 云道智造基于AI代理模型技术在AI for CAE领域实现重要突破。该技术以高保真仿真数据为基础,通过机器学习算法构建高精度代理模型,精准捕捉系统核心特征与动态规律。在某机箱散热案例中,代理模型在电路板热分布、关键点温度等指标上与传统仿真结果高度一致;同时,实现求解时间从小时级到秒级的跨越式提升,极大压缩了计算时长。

_ _ _ _ _

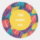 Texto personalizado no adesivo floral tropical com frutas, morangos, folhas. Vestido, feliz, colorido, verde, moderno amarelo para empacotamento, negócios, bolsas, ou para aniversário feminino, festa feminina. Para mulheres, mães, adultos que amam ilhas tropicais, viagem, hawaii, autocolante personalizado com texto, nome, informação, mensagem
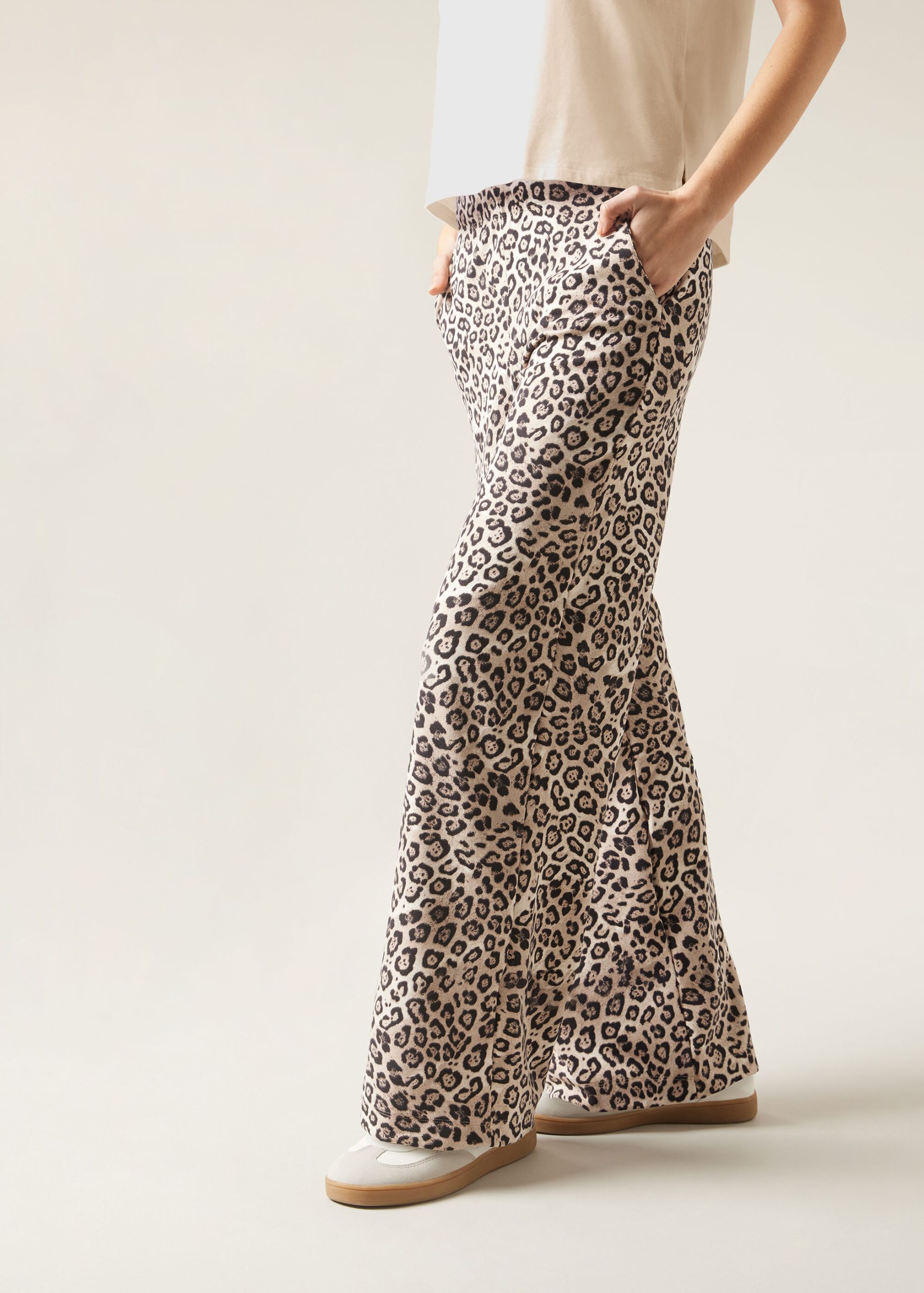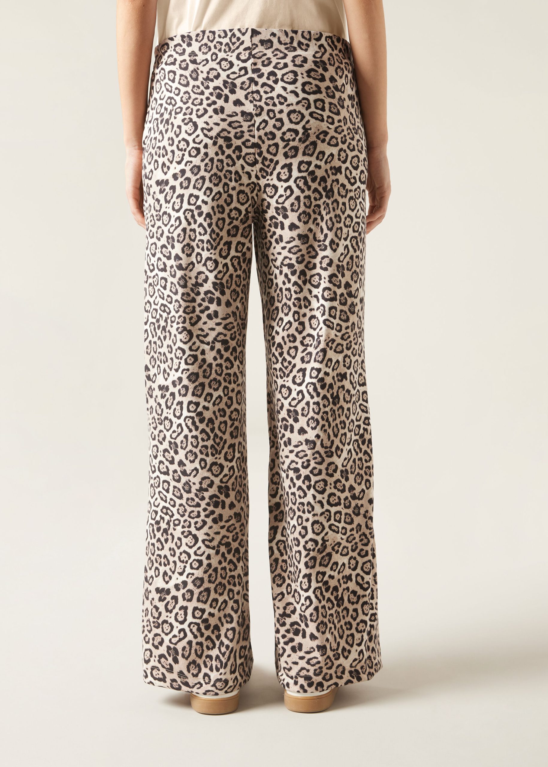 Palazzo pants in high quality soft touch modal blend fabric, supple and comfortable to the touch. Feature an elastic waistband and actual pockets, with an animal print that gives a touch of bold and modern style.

_ _ _ _ _

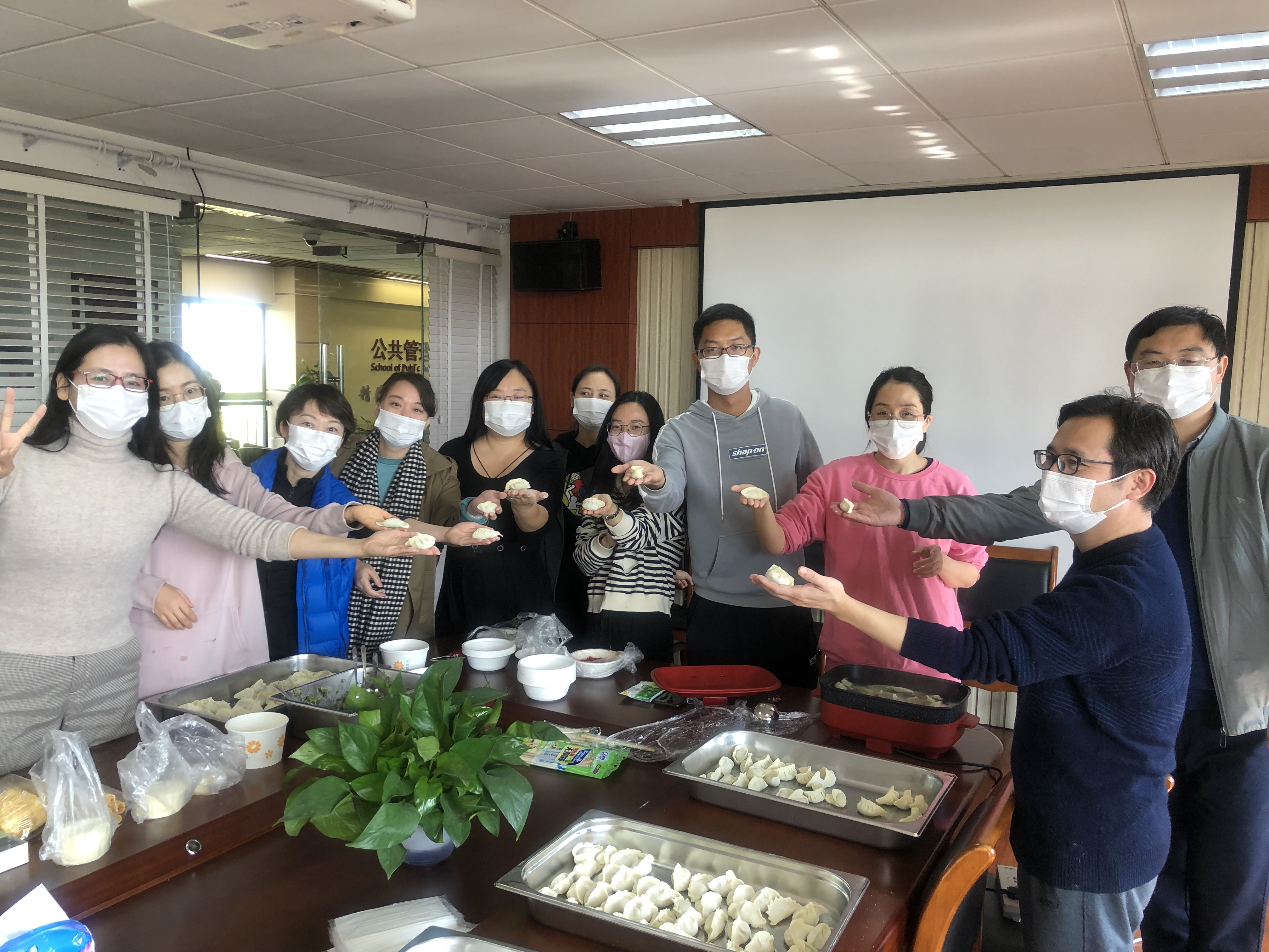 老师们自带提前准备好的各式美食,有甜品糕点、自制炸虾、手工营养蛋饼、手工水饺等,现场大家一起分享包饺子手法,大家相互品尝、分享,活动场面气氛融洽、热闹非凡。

_ _ _ _ _

- **Task description**:
Leaving each picture behind, please give again exactly the lines above from the one with "Texto personalizado no" through the one with "Palazzo pants in", both included, and no others.

- **Reply to the exercise**:
 Texto personalizado no adesivo floral tropical com frutas, morangos, folhas. Vestido, feliz, colorido, verde, moderno amarelo para empacotamento, negócios, bolsas, ou para aniversário feminino, festa feminina. Para mulheres, mães, adultos que amam ilhas tropicais, viagem, hawaii, autocolante personalizado com texto, nome, informação, mensagem
 Palazzo pants in high quality soft touch modal blend fabric, supple and comfortable to the touch. Feature an elastic waistband and actual pockets, with an animal print that gives a touch of bold and modern style.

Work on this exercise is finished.